A smart idea for smart glasses
Alongside its launch of the Quest 3 VR headset, Meta also announced a collaboration with Ray-Ban to produce an updated line of smart glasses. The product, which features Qualcomm’s weight-distributed Snapdragon AR platform, has some local voice control capabilities – for example, to instruct the spectacles to take images using the built-in ultra-wide 12MP camera.
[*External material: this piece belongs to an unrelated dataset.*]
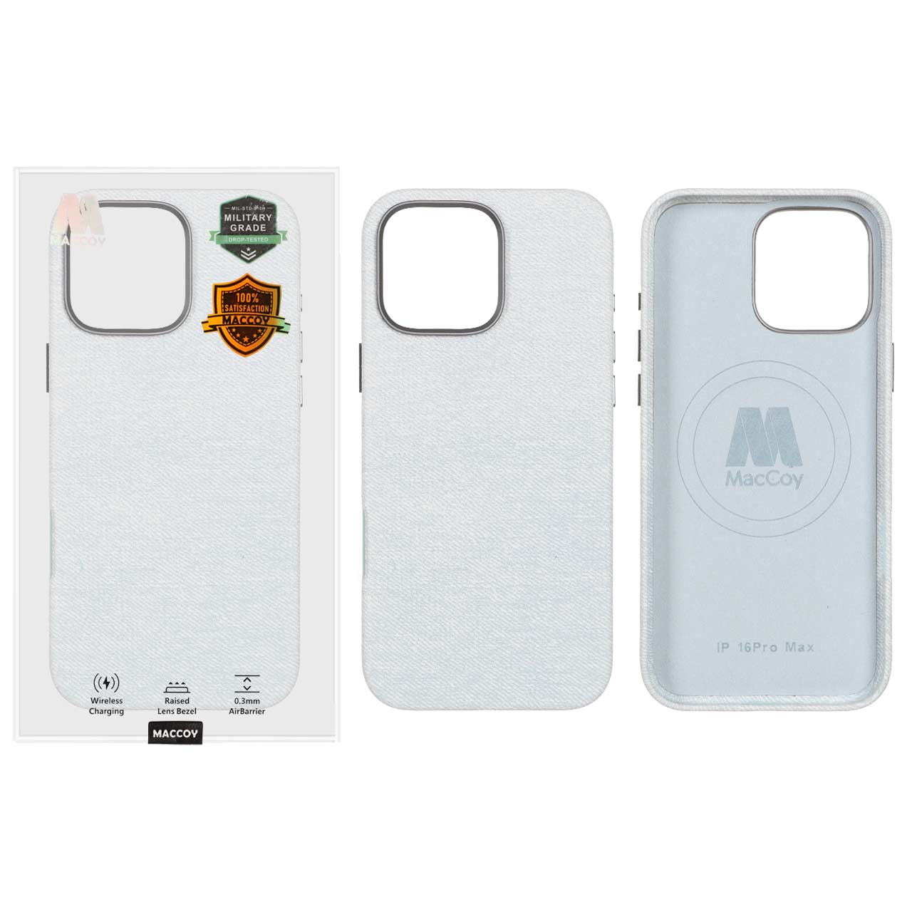 قاب اورجینال MacCoy پارچه ای لنز فلزی Magsafe Apple iPhone 16 Pro Max - آبی (پک دار)
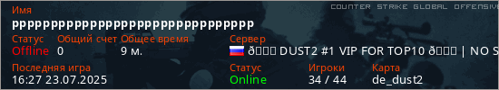 Играет на Counter Strike Global Offensive сервере. Страна: РоссияПервый раз замечен 16:02 23.07.2025

Users simply have to say, “Hey Meta, take a picture.”
Being able to couple those photos with a VLM running locally would turn the Ray-Ban smart glasses into a much more compelling product, and could bring scenes to life for visually impaired wearers without the need for pairing with a smartphone.
Vision assistance powered by edge-compatible VLMs could dramatically enhance the capabilities of digital camera-equipped devices. As the webcam image in our test sequence highlights, there’s the potential for algorithms to help with maintenance and repair tasks, distributing knowledge and expertise across the globe.
AI is doing for knowledge work what robotics has done for manufacturing, and it’s just the beginning.